No, let us use a biblical definition of idolatry: "You shall not make for yourself a carved image, or any likeness of anything that is in heaven above, or that is in the earth beneath, or that is in the water under the earth."

There is a reason that the earliest Christian art refused to depict God. Your faith just isn't all that ancient.

God provided His Church with divinely appointed images, which are all we need: the Sacraments/Mysteries. Jesus' likeness is not found in the imaginations of icon painters, but in the bread broken, and the cup poured.

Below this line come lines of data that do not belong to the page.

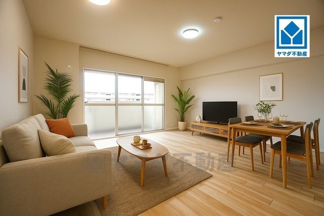 家具はイメージです。大きな窓のあるリビングは、陽光あふれる明るい空間です。居心地良く、ご家族皆がゆったり寛げる憩いの空間となりそうです。
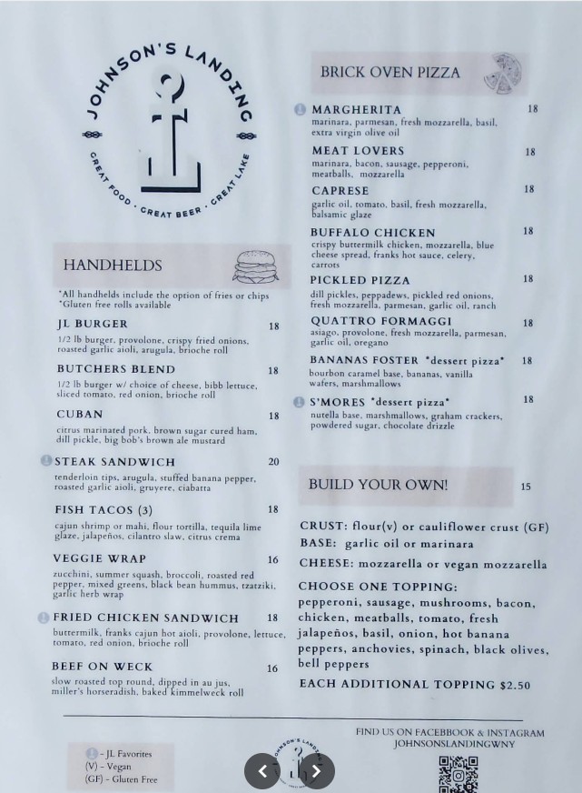Looking for the latest Johnson’s Landing Restaurant menu in Hamburg, NY? Located on Lake Shore Road with beautiful waterfront views, Johnson’s Landing offers a modern American dining experience featuring fresh seafood, handcrafted entrees, signature cocktails, and seasonal specialties. Whether you’re planning a casual lunch, sunset dinner, or weekend gathering, this lakefront restaurant combines upscale comfort food with a relaxed atmosphere. Below, you’ll find menu highlights, pricing details, and everything you need to know before visiting Johnson’s Landing.
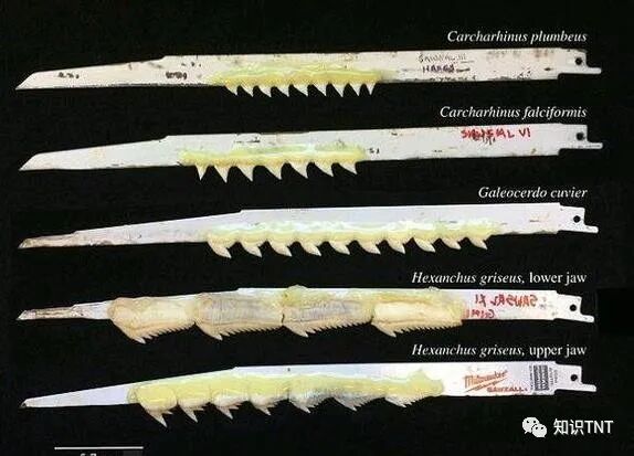 研究人员发现,鲨鱼的牙齿不单单是切开猎物这么简单,在切割猎物时,它们还伴随着其他部位的协作、合力,而这把特制的电锯则可以模拟出鲨鱼进食时的整个过程。通过研究表明,虎鲨、丝鲨牙齿的锋利程度是最高的,但与之相对应的,它们的磨损程度很大,而铅灰真鲨和钝鼻六鳃鲨则正好与之相反,锋利程度和磨损程度较弱。鲨鱼之间的咬合力也存在巨大差异,并且,它们的磨损程度也是和咬合力的强弱成正比,而这也告诉我们为什么鲨鱼的换牙会如此的频繁。
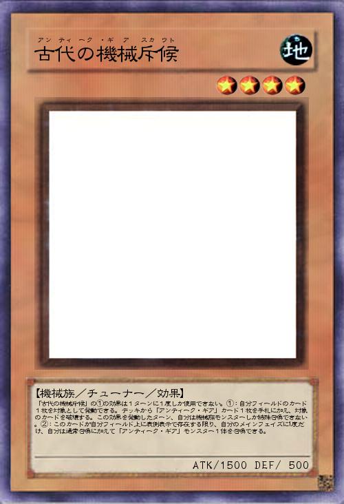 | 「古代の機械斥候」の①の効果は1ターンに1度しか使用できない。①:自分フィールドのカード1枚を対象として発動できる。デッキから「アンティーク・ギア」カード1枚を手札に加え、対象のカードを破壊する。この効果を発動したターン、自分は機械族モンスターしか特殊召喚できない。②:このカードが自分フィールド上に表側表示で存在する限り、自分のメインフェイズに1度だけ、自分は通常召喚に加えて「アンティーク・ギア」モンスター1体を召喚できる。 | |||
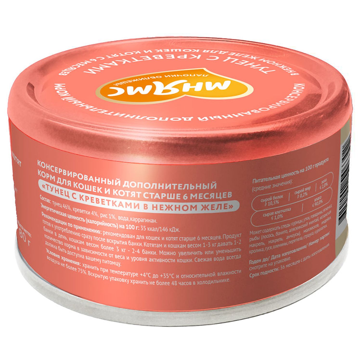 Влажный дополнительный корм Мнямс На каждый день для кошек и котят старше 6 месяцев "тунец с креветками в нежном желе" 80 г

The ancient temple and even the ark of the covenant featured imagery. Christ even likens himself to the bronze serpent

>There is a reason that the earliest Christian art refused to depict God.
Early Christian art generally depicts Christ. God chose to make himself physical and visible

>Orthodox perspective
Into the trash it goes

Westerners love to play "eastern religion of the year." Remember when everyone was pretending to be Tibetan Buddhists? Fun times.

I'm actually Orthodox. Orthodoxy is a catholic religion, and was followed in the West for a long time before being displaced by rationalism and the Donation of Constantine. Orthodoxy is eastern in the sense that the original Christisnity is

>ἄζυμος is used by itself in reference to unleavened bread.
So? That does not in any way imply that ἄρτον means specifically leavened bread. You have a simple Artos used when Jesus is discussing the showbread in Matthew 12, and those are unleavened, are you implying they were in fact leavened simply because he doesn't specify that they were unleavened?

>See luke 22:14 the Jewish passover is eaten standing with loins girded (a belt)
Who the hell told you that? The only parts that are eaten standing or squatting are the bitter herbs, as the slavery reminders; the rest are eaten reclining, or at least with the leader reclining if there is insufficient space. Luke's statement corroborates the notion that it's a Passover meal, not implies against it.

the larping is cringe desu

>The gospel contradictions mean that are legitimate!

>we wuz westernaz
Filioque or GTFO, slavshit.

Don't you also like how he focuses solely on the Gospel contradictions (they're not a big deal!) but not the other contradictions between OT and NT, or within either group of books themselves, many of which are theologically vital?

>and those are unleavened
Ah, no. The Talmud specifies that, but the Bible doesn't, nor do most scholars interpret it that way

>Who the hell told you that?
Exodus 14. Remember, modern, Pharasaic Judaism is not temple Judaism

The Pope inscribed the Creed on silver plaques without the Filioque to prevent its insertion

>Ah, no. The Talmud specifies that, but the Bible doesn't, nor do most scholars interpret it that way
Most bible scholars do in fact interpret that way, not because of the Talmud, but because of Josephus, who states, quite clearly that they were unleavened.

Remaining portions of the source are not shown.